For context, here's what the foo table looked like:

TABLE foo (
  id  INT  PRIMARY KEY,
  bar TEXT NOT NULL,
  baz INT  NOT NULL,
  qux INT  NOT NULL,

  ...
);

I was biting back criticisms. Here are some thoughts that came to mind:

  • "Why create a class that exposes a single column? What if we need to access baz or quz in the future? Why not create a FooModel that fully reflects the underlying table?"
  • "We already make use of the Model pattern in our codebase. A Provider and a Model heavily overlap in terms of functionality. By introducing the former we are diluting the meaning of the latter and creating confusion."
  • "The solution is not elegant."
  • "This doesn't make any sense. It's illogical and messy. I can do it better."
  • "🤨😱🤯"

Needless to say I had some strong opinions about the implementation. Here's what I wished we had written instead:

public class FooModel {
  FooDao fooDao = new FooDao();
  FooRecord fooRecord;

  public FooModel(Integer fooId) {
    fooRecord = fooDao.getFoo(fooId);
  }

  public String getBar() {
    return fooRecord.bar;
  }

  public Integer getBaz() {
    return fooRecord.baz;
  }

  public Integer getQux() {
    return fooRecord.qux;
  }

  public void setBar(String bar) {
    fooRecord.bar = bar;
  }

  public void setBaz(Integer baz) {
    fooRecord.baz = baz;
  }

  public void setQux(Integer qux) {
    fooRecord.qux = qux;
  }

  public String computeSomeBusinessLogic() {
    return fooRecord.bar + String.valueOf(fooRecord.baz);
  }

  public void save() {
    fooDao.upsert(fooRecord);
  }
}

I brought up my concerns with my lead during code review and they were addressed as follows:


"Why not create a FooModel that fully reflects the underlying table?"

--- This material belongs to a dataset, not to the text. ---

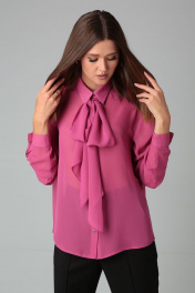 Блузка женская, класическая, рубашечного кроя из шифона. Застежка петли-пуговицы.Спинка прямая.Воротник на стойке со съемным бантом. Рукав втачной, длинный на манжете с застежкой на петлю пуговицу. длина изделия -68 см длина рукава - 59см параметры 40 42 44 46 обхват груди 108 108 112 обхват талии 112 112 116 обхват бедер 116 116 120 обхват рукава 40 40 42

Lead: "What is the likelihood that we'll need to access baz and qux in the future?"
Me: "It's small."
Lead: "So how about we implement that functionality only if it becomes needed?"
Me: "But that means we'll be accepting an imperfect solution in the meantime!"
Lead: "What makes it imperfect?"
Me: "The fact that it doesn't follow the same Model pattern that all the other tables do."
Lead: "So what do you propose?"
Me: "That we implement it as a FooModel with all the associated CRUD methods."
Lead: "And the liklihood of needing getBaz(), getQux(), setBar(), setBaz(), setQux(), computeSomeBusinessLogic(), and save() is low, yes?"
Me: "...yeah."
Lead: "And it would probably take you longer to implement a FooModel than it took me to implement FooBarProvider correct?"
Me: "..."


"OK, but this dilutes the meaning of a Model"

Lead: "To whom?"
Me: "To the people that are working on the API."
Lead: "Which are?"
Me: "Well, currently? Just you and me."
Lead: "I personally understand the distinction: for our purposes a Provider abstracts a single column in a table whereas a Model abstracts the entire table. And you understand the differences as well, so.."
Me: "Yes but if we have a large team that distinction might be lost on some people and lead to them writing incorrect code."
Lead: "At how many members would you estimate this becoming a concern?""
Me: "I haven't really thought about it, maybe 20?"
Lead: "There are currently six of us. Do you think we're on track to gaining another fourteen developers in the near future?"
Me: "(internal sigh) no."
Lead: "So let's worry about that only if we start getting big."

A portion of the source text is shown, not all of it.